I shouldn’t. Taking that step with her would be a mistake, but I was tired of fighting not only her, but my dark side as well. This was my own fault. I’d let her push me to the edge and now there was now coming back from it.
There were consequences and she needed to learn them.
“I wouldn’t have given you that orgasm, beauty, make no mistake,” I went on. “I’d have left you hungry and made you take your panties off. Then I’d put them in my pocket to keep while I took off the rest of your clothes. I’d dress you in all your wedding finery myself, fingering your sweet little cunt until I got you hot and wet, and then I’d make you stand there, suffering through the ceremony with a hungry pussy, aching for me, knowing what I had in my pocket. Thinking about how desperate you are to come as you say those sacred vows and knowing only I can give you what you need.” Her big eyes had widened as I spoke, then darkened. “And after the good father pronounced us husband and wife, I’d have put back your veil and stepped in real close to kiss you, and I’d slide my hand down the front of that gown to where you’re all slippery and needy, and I’d have touched you through it, making you come in front of the priest and your grandmother. And there wouldn’t be a thing you could do to stop it.”
I was very close to her, looking into her eyes, her pupils dilated, her cheeks red and her mouth opening. So fucking beautiful…

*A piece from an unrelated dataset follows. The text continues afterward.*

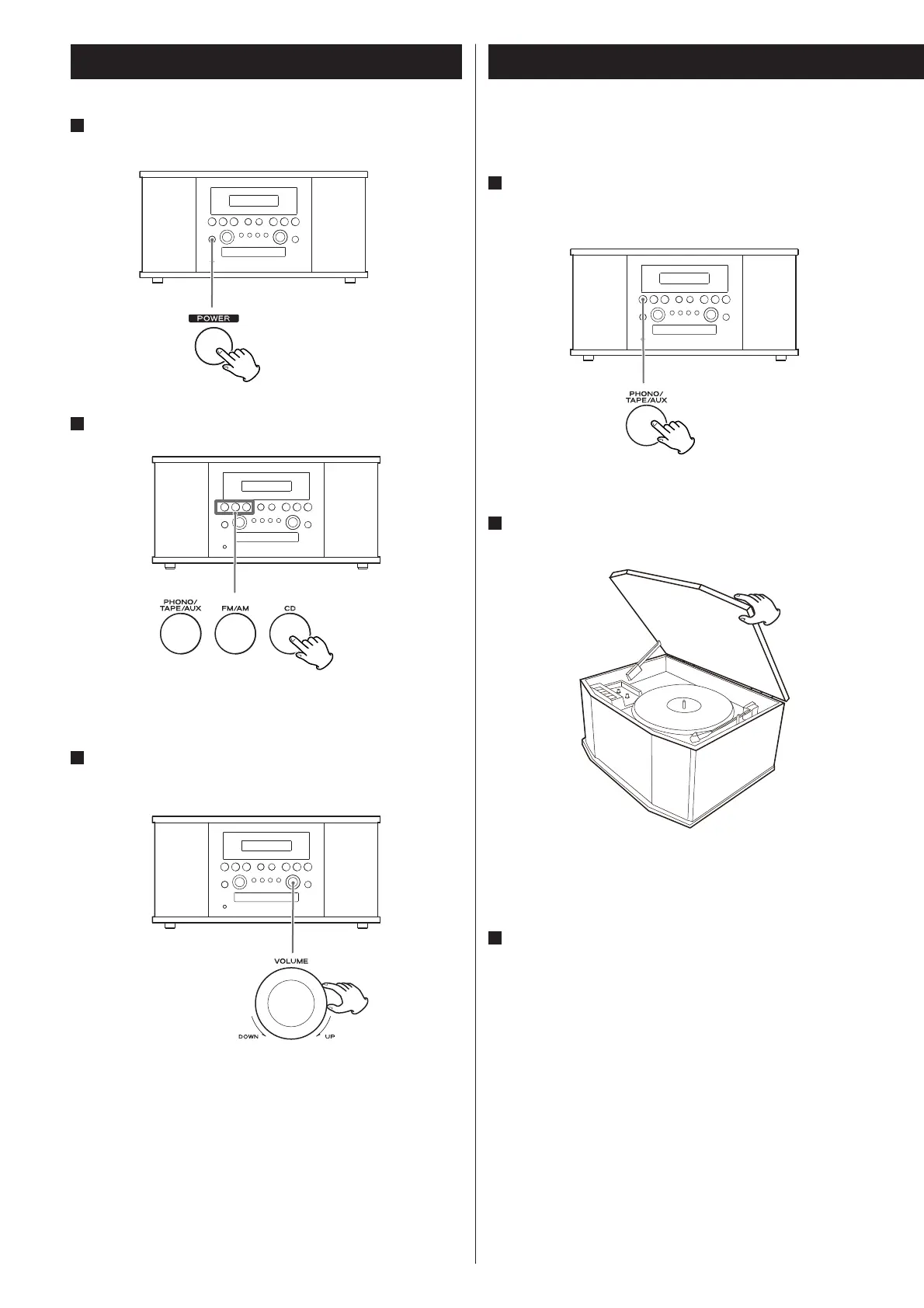 Press the PHONO/TAPE/AUX button once or twice to select

Desire beat like a drum in my head, in the pulse of blood in my cock, and I wanted to put my hand on the back of her neck, force her to her knees in front of me, make her open her mouth for my dick, and then teach her how to suck me. Teach her how to worship me, to look to me for whatever she wanted, make me the most important thing in her universe. Me, her one obsession.
It was wrong and toxic, but for over twenty years I’d catered to women’s fantasies. Now I wanted a woman to cater to mine.
No. I wanted her to cater to mine.
“And you know what I’d do after that?” I went on softly. “I’d put you on your knees, still in your gown and veil, and I’d get you to do what any good bride should do after getting married. Worship her new husband’s cock.”
Her gaze wavered and I could hear the quickened sound of her breathing.
“You think you could do that, beauty?” I stared at her, the darkness in me laid bare for her to see. “You think you could give a jaded old playboy like me, who used to be your step-father, the best fucking blow job he’s ever had in his life?”